The data shows that the election was heavily manipulated in the Southern part of Nigeria. A turnout ratio that is less than 29.5 percent for the Southern part of Nigeria is not statistically possible. Even the North-east that is battling with insurgencies and humanitarian crisis has a turnout that is above 60 percent. Whosoever orchestrated the manipulation of the election results actually did it clinically to confuse future investigation.
From the INEC data as obtained from the commission’s server, the PDP presidential candidate, Atiku Abubakar won in the South with a margin of 3.2 million. The winning margin would have been more if votes from Rivers state were available. In the North we had (Atiku – 9.23 million, Buhari – 10.68 million) showing that Buhari won in the North with a margin of 1.45 million votes.
Total accreditation for the presidential election was 37.6 million; Total voided votes were 1.23 million and total votes cast 36.4 million.
A total of 8.68 million votes were depleted from the votes of both Buhari and Atiku nationwide, but with Atiku Abubakar being the net loser of 7.09 million votes.
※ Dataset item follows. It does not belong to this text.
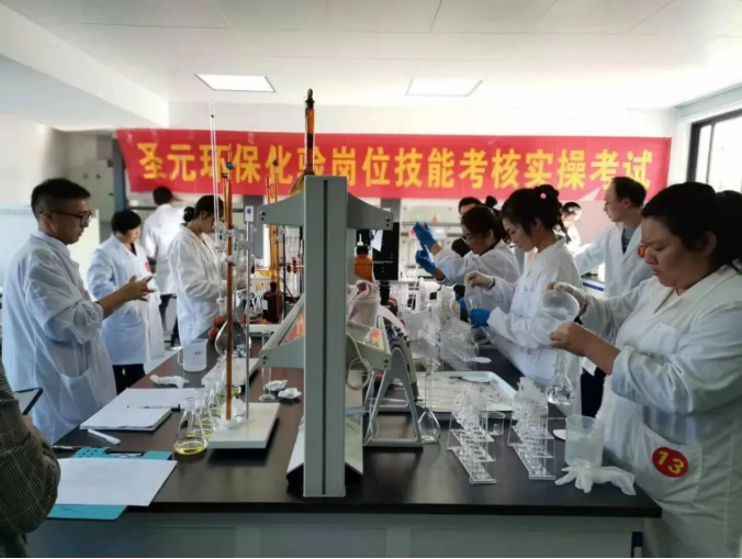 此次培训分理论和实操两部分。第一项为理论考试:化验岗位人员在培训课后,进行理论知识笔试,内容主要包括《污水化验基础知识和环保耗材检验基础知识》、《化验室安全操作》、水质检测实操中的重点、难点,化验室的工作流程管理及化验操作技能等。第二项为实操考试:主要针对COD、氨氮、总磷标准考核样进行实操考试,由评委根据化验人员实验操作流程、检测结果判定、实验仪器的正确使用及测定结果准确度等表现打分。

The unlawful depletion of votes is the reason why the election conducted by INEC defies statistical and mathematical rationality.
Probing the entire South-west, South-east, and South-south presidential results, it was glaring from the INEC data that while PVC collection went up by 34.4 percent (24.18m – 32.49m), total votes in the Southern part of Nigeria declined by 23.4 percent (from 12m to 9.19m). On the other hand, the e-collated result shows a positive relationship between PVC collection and total votes in the Southern part of Nigeria. PVC collection went up by 34.4 percent and total votes in the Southern part of Nigeria grew by 26.6 percent (from 12m to 15.2m).
For the 19 northern states and FCT, while PVC collection went up by 25.6 percent (32m – 40.2m), total votes in the region increased marginally by 6 percent (from 16.2m to 17.2m). On the other hand, the e-collated result shows a positive relationship between PVC collection and total votes in the Northern part of Nigeria. PVC collection went up by 25.6 percent and total votes in the region grew by 22.7 percent (from 16.22m to 19.91m).
Statistics for the entire nation (36 states and FCT) show that PVC collection went up by 29 percent while changes in marginal votes went down by 2.8 percent (manual collation) and for electronic collation, changes in marginal votes increased by 23.8 percent.
Logically, a significant increase in PVC collection ought to translate into an increase in voters’ turnout or total votes cast. Therefore, the e-collated result proves a fact that the 2019 election was manipulated.
The authentic result that should have been declared by INEC would have had Atiku/PDP with 18.35 million votes as the winner, while President Buhari/APC with 16.7 million votes as the first runner up. The other presidential candidates cumulatively garnered 1.3 million votes.
It is now understandable why some people love to argue that the Nigerian constitution does not recognise e-voting. They are only trying to be clever by half because it is only someone with dubious intentions that would prefer the manually collated result without audit re-confirmation.
Yes, the constitution does not recognise e-voting but e-collation and e-transmission are simply known as process automation. An organisation does not need constitutional amendments to automate their tasks, procedures and processes.
So, it is very clear that the February 23, 2019 Nigerian Presidential poll was rigged. The PDP candidate Atiku Abubakar clearly won the election, but INEC has continued to deny him the stolen mandate. However, there is no level of intimidation or propaganda overdrive that can deny the obvious.